Hedge Funds

Hedge Funds’ Profit-Taking in Chinese Internet Stocks Is Natural, KraneShares Says


(Yicai) Oct. 17 — It is unsurprising that some overseas hedge funds have recently taken profits from their Chinese internet stock positions after a strong rally this year, Henry Greene, head of investment strategy at KraneShares, told Yicai.

The internet sector remains the most popular China equity theme this year, with inflows approaching USD2 billion so far, Greene told Yicai during the 2025 Greenwich Economic Forum, held recently in Connecticut, United States. While some funds have locked in gains, year-to-date net inflows are still around USD100 million, marking a sharp turnaround from the heavy outflows of recent years.

KraneShares’ flagship fund, KraneShares CSI China Internet ETF [NYSEARCA: KWEB], tracks the CSI Overseas China Internet Index, and remains the main vehicle for global investors seeking exposure to Chinese technology giants such as Tencent, Alibaba, and Pinduoduo. The ETF’s sharp rebound from an 80 percent collapse between 2021 and 2024 underscores a notable recovery in investor sentiment.

Greene noted that earnings growth in the internet sector has strengthened, with the rise of artificial intelligence further boosting market confidence. The emergence of major Chinese AI models — from startups like DeepSeek to big tech firms such as Alibaba with its Qwen series — has drawn global attention. Alibaba has also formed an internal robotics team, joining the global race to develop AI-powered physical products.

Progress in homegrown chips, including Baidu’s Kunlun and Alibaba’s T-Head series, has reinforced confidence by enabling Chinese internet firms to train larger AI models and expand their cloud businesses, Greene said. “The key question for investors,” he added, “is whether Alibaba’s accelerated cloud growth and surging capital expenditure can be supported by sufficient chip supply.”

That uncertainty helps explain the recent market volatility. Despite strong gains earlier this year, both the NASDAQ Golden Dragon China Index [INDEXNASDAQ: HXC] and KWEB have retreated about 10 percent this month as investors take profits.

“Given that KWEB is already up nearly 50 percent this year, it’s not surprising to see some profit-taking by global hedge funds,” Greene said. “Compared with long-only investors, hedge funds — the so-called ‘fast money’ — tend to move quickest in this type of rally.”

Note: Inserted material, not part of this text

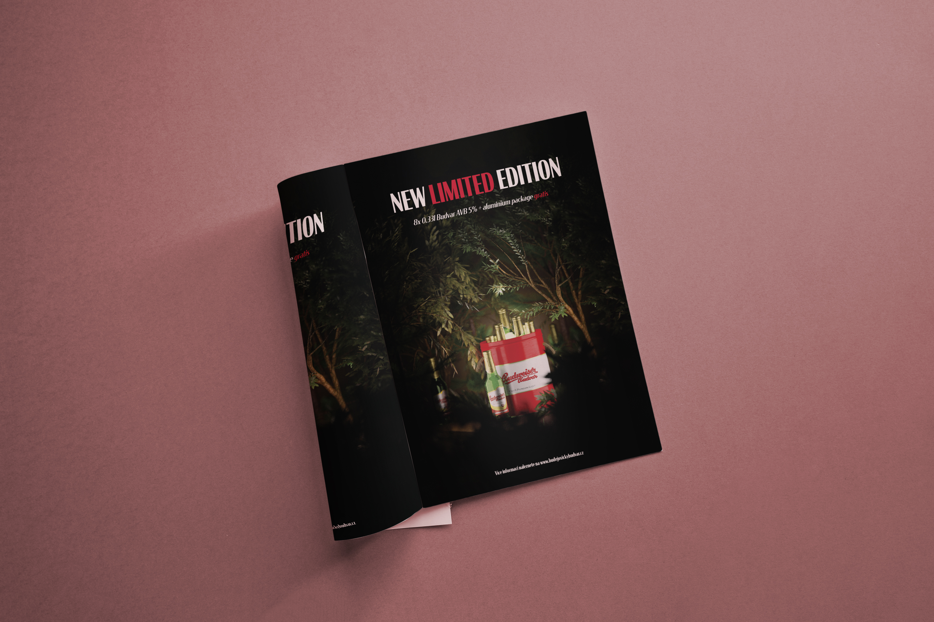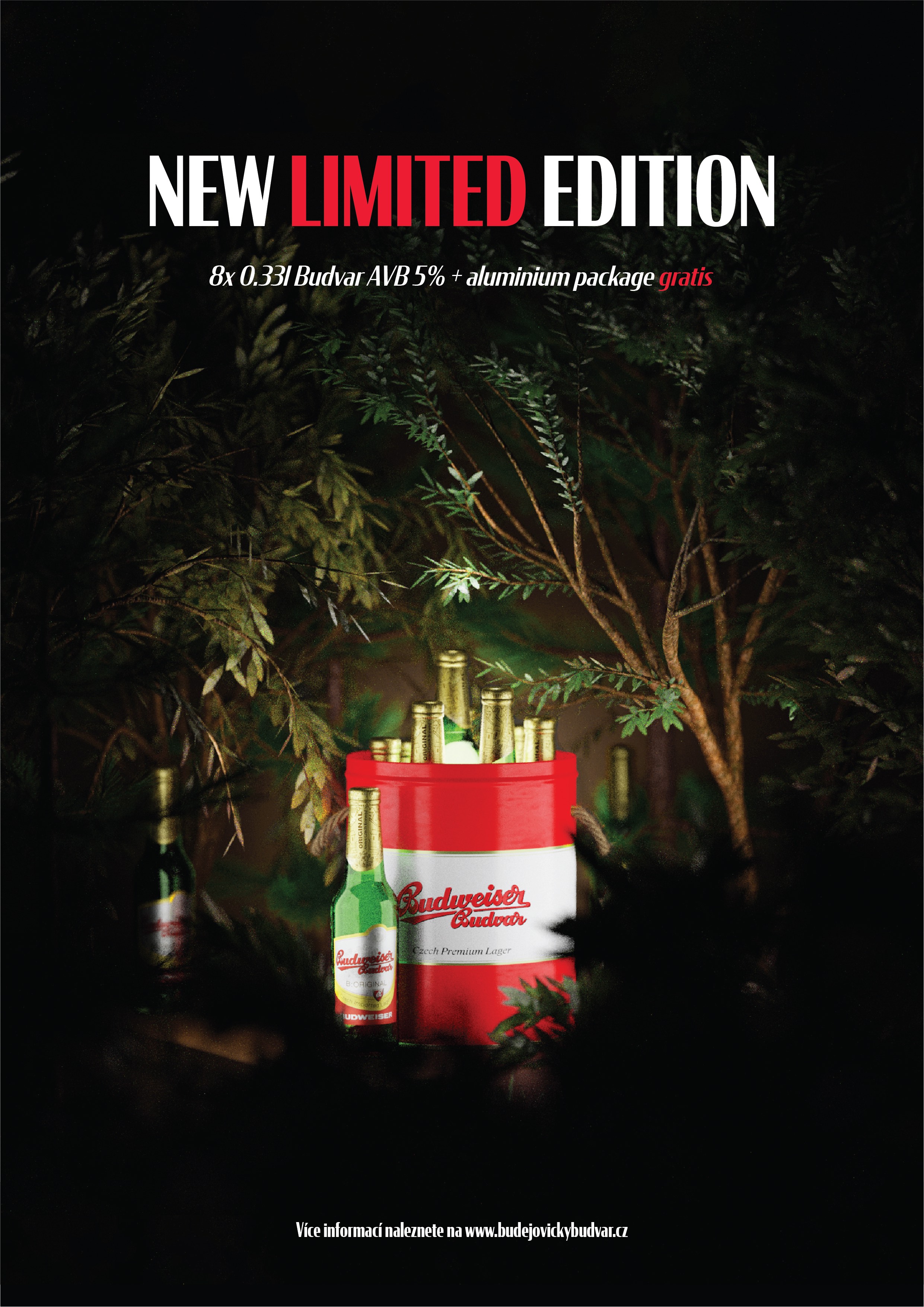 Ilustrace na plakátu/inzerátu na nový multipack od Budvaru je vytvořená ve 3D. Je tam znázorněno nové plechové balení osmi kusů třetinkových lahví v houští mezi stromy a vyjadřuje to většinou to jaký z toho má člověk na první pocit. Může to znamenat "plechovka do přírodní pohody", a tak dále. Kombinace zelených stromů a červeného textu+plechovky se mi zdála být vhodná a ladivá. Použitý font—Condor.
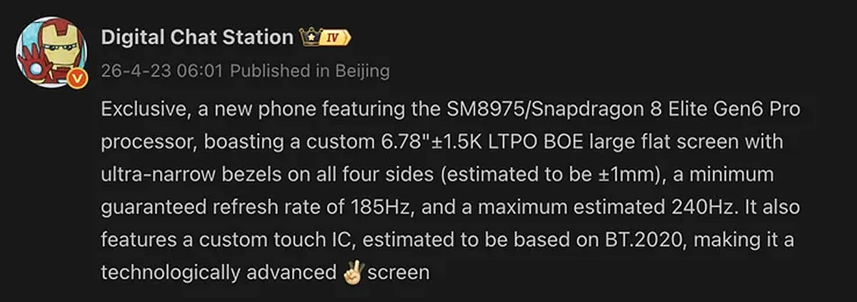 Стали известны ключевые технические характеристики дисплея готовящегося к выпуску флагманского смартфона OnePlus 16. Согласно утечке от известного инсайдера Digital Chat Station, устройство получит экран с частотой обновления до 240 Гц и ультратонкими рамками. Дисплей диагональю 6,78 дюйма будет изготовлен компанией BOE с использованием технологии LTPO и разрешением 1,5K. Его особенностью станет поддержка широкого цветового охвата BT.2020 и применение технологии Low-Injection Pressure Overmolding, которая позволит сократить ширину рамок до 1 мм. Частота обновления экрана варьируется от минимальных 185 Гц до максимальных 240 Гц, что выше, чем у предстоящего iQoo 16 и текущего OnePlus 15 — у обоих 165 Гц. Также известно, что аппарат оснастят процессором Snapdragon 8 Elite Gen 6 Pro, созданным по 2-нм техпроцессу, основной камерой с новым сенсором, 200-мегапиксельным перископическим телеобъективом и аккумулятором емкостью 9000 мАч. Для сравнения, у предшественника емкость батареи составляла 7300 мАч. Выход OnePlus 16 ожидается в конце текущего года в качестве флагмана компании.

Many long-term institutional investors in Europe and the US remain cautious but are showing renewed interest. After years of scaling back their China teams, several firms have begun rehiring analysts, Greene said, adding that KraneShares has received increased requests for China equity research this year.

He concluded that a recovery in China’s domestic demand will be key to restoring long-term foreign investor confidence. “Whether domestic consumption can rebound,” Greene said, “is one of the most important indicators foreign institutions are watching.”